• _Exercise details_:
From the line that contains "Els arbres a" down to the last line of the listing below, reproduce each line exactly but not the pictures.

• _Recorded data_:
BEGIN

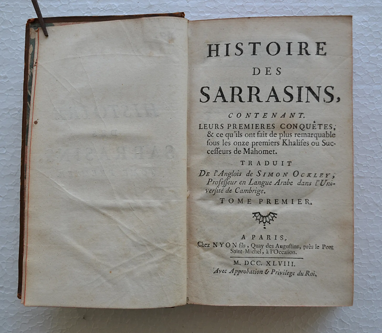 Histoire des sarrasins, contenant leurs premières conquêtes, & ce qu’ils ont fait de plus remarquable sous les onze premiers khalifes ou successeurs de Mahomet. Traduit de l’anglais [par Auguste-François Jault] de Simon Ockley, professeur en langue arabe dans l’université de Cambridge.
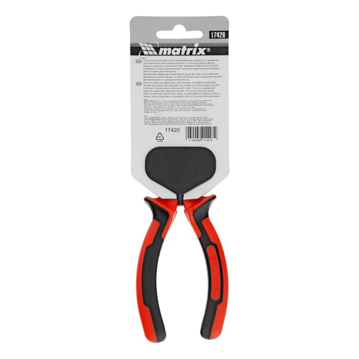 Изогнутые никелированные длинногубцы Matrix NICKEL 17420 длиной 160 мм, с двухкомпонентными рукоятками, помогают удерживать небольшие детали и перекусывать проволоку. Изогнутая форма губок позволяет дотягиваться до деталей в труднодоступных местах. Длинногубцы используются для проведения ремонтных и монтажных работ.ПреимуществаПовышенная прочность — инструмент изготовлен из высококачественной стали, рабочие кромки закалены до твердости 53 HRC.Износостойкость и защита от коррозии — на рабочие части нанесено никелевое покрытие.Комфортная работа — двухкомпонентные рукоятки удобно лежат в руке и не выскальзывают из ладони.
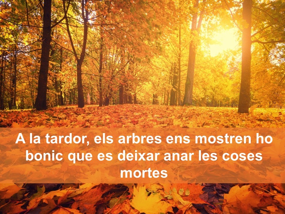 Els arbres a la tardor són inspiradors. Fixeu-vos en com no s’aferren a les fulles, deixant-les caure alliberant-se de les coses velles per donar pas a les noves. I tu, a que t’afferes, què no deixes caure?
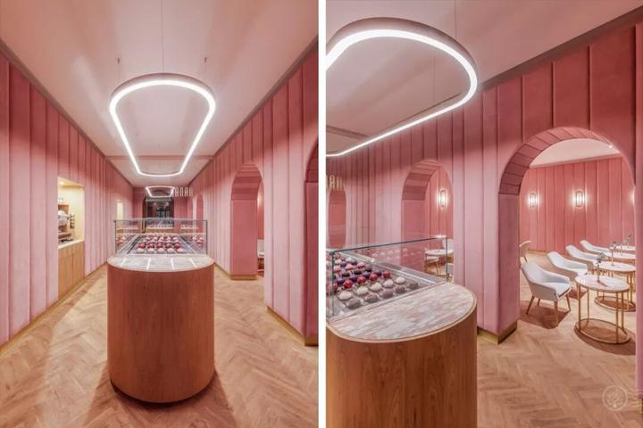 法式泡芙是这家蛋糕店的主打产品,同样也是这家店的设计灵感。空间内也摆放着一张如法式泡芙形状的长条柜台,里面展示着精致如艺术品般的小甜点,供顾客观赏。

END

• _Your solution_:
 Els arbres a la tardor són inspiradors. Fixeu-vos en com no s’aferren a les fulles, deixant-les caure alliberant-se de les coses velles per donar pas a les noves. I tu, a que t’afferes, què no deixes caure?
 法式泡芙是这家蛋糕店的主打产品,同样也是这家店的设计灵感。空间内也摆放着一张如法式泡芙形状的长条柜台,里面展示着精致如艺术品般的小甜点,供顾客观赏。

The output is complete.